RECORDED DATA
# # # # #

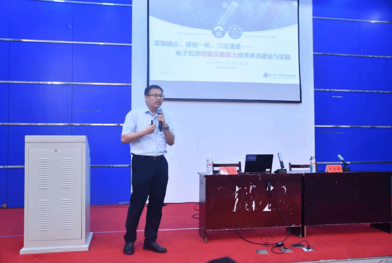 5月25日上午,武汉大学周立青高级工程师在williamhill中国学术报告厅做题为“课赛融合、研创一体、四级递进——电子信息创新实践能力培养体系建设与实践”的专题报告。物电学院部分教师和电子类专业学生参加报告会。报告会由物电学院副院长李钱光主持。
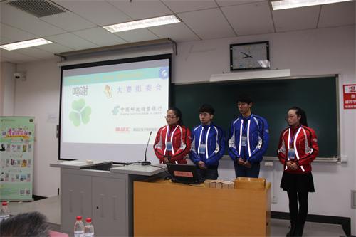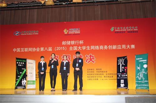 邮储银行杯第八届全国大学生网络商务创新应用大赛自2015年5月启动以来,历时8个月,共吸引了全国2000余所高校的积极参赛,直接参赛团队近5000支,其中来自207所高校的318支晋级全国总决赛团队,参与高校数、参赛团队均创造了大赛的新高。经管系两支团队分别是由于润东、樊金宸、李嘉莹、黎晓燕、陈家森组成的“三叶草”团队和由张腾飞、韩冲、胡文瑾、孙丽杰、汪梦伟组成的“悠悠我心”团队,陈福刚、侯学博两位老师全程指导。
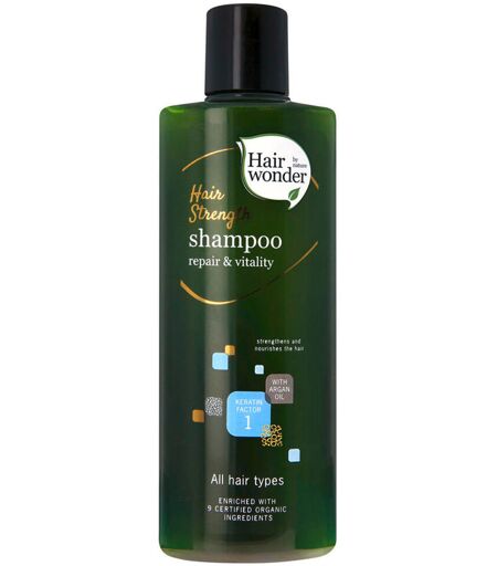 Luxueuze en geconcentreerde, mild reinigende shampoo voor alle haartypes. Actieve keratine versterkt het haar en verbetert de conditie. Biologische arganolie en provitamine B5 voeden, beschermen en geven het haar een natuurlijke glans. Verrijkt met 9 gecertificeerde biologische ingrediënten. Hoe te gebruiken: Wassen en uitspoelen. Tip: Gebruik in combinatie met Hairwonder Hair Strength Conditioner. ...
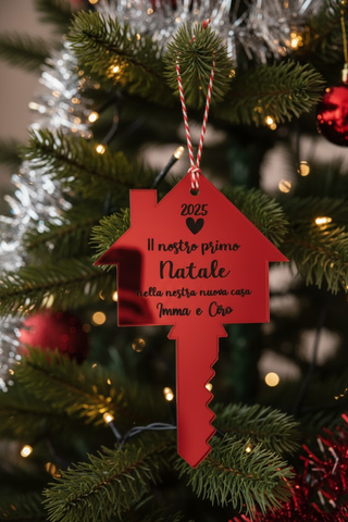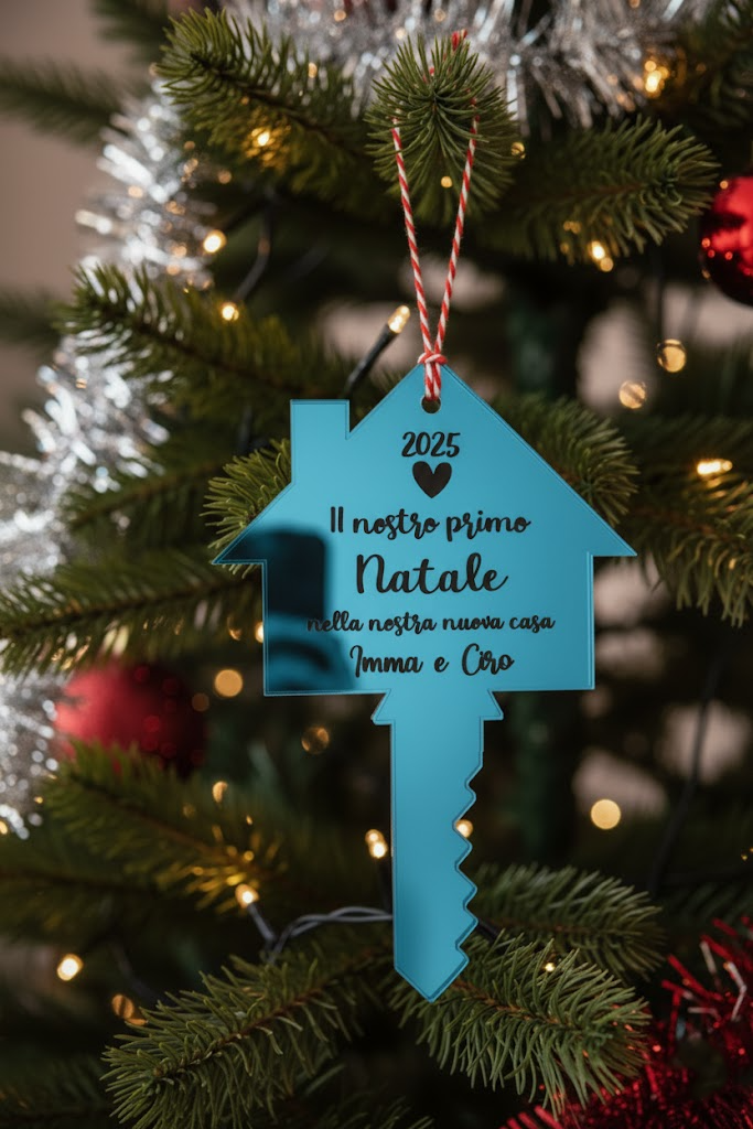 Celebra il primo Natale nella nuova casa con una pallina di Natale in plexiglass specchiato 3 mm, taglio e incisione laser. Personalizziamo nomi e anno. Disponibile in Argento, Oro, Rosso, Celeste: brillante, leggera e infrangibile, perfetta per l’albero o come regalo personalizzato.

# # # # #

HOW TO COMPLETE THIS TASK
Word-for-word restatement: every line from the one with "Luxueuze en geconcentreerde, mild" through the final line of the data, both ends included, pictures excluded.

OUTPUT FOR THIS TASK
 Luxueuze en geconcentreerde, mild reinigende shampoo voor alle haartypes. Actieve keratine versterkt het haar en verbetert de conditie. Biologische arganolie en provitamine B5 voeden, beschermen en geven het haar een natuurlijke glans. Verrijkt met 9 gecertificeerde biologische ingrediënten. Hoe te gebruiken: Wassen en uitspoelen. Tip: Gebruik in combinatie met Hairwonder Hair Strength Conditioner. ...
 Celebra il primo Natale nella nuova casa con una pallina di Natale in plexiglass specchiato 3 mm, taglio e incisione laser. Personalizziamo nomi e anno. Disponibile in Argento, Oro, Rosso, Celeste: brillante, leggera e infrangibile, perfetta per l’albero o come regalo personalizzato.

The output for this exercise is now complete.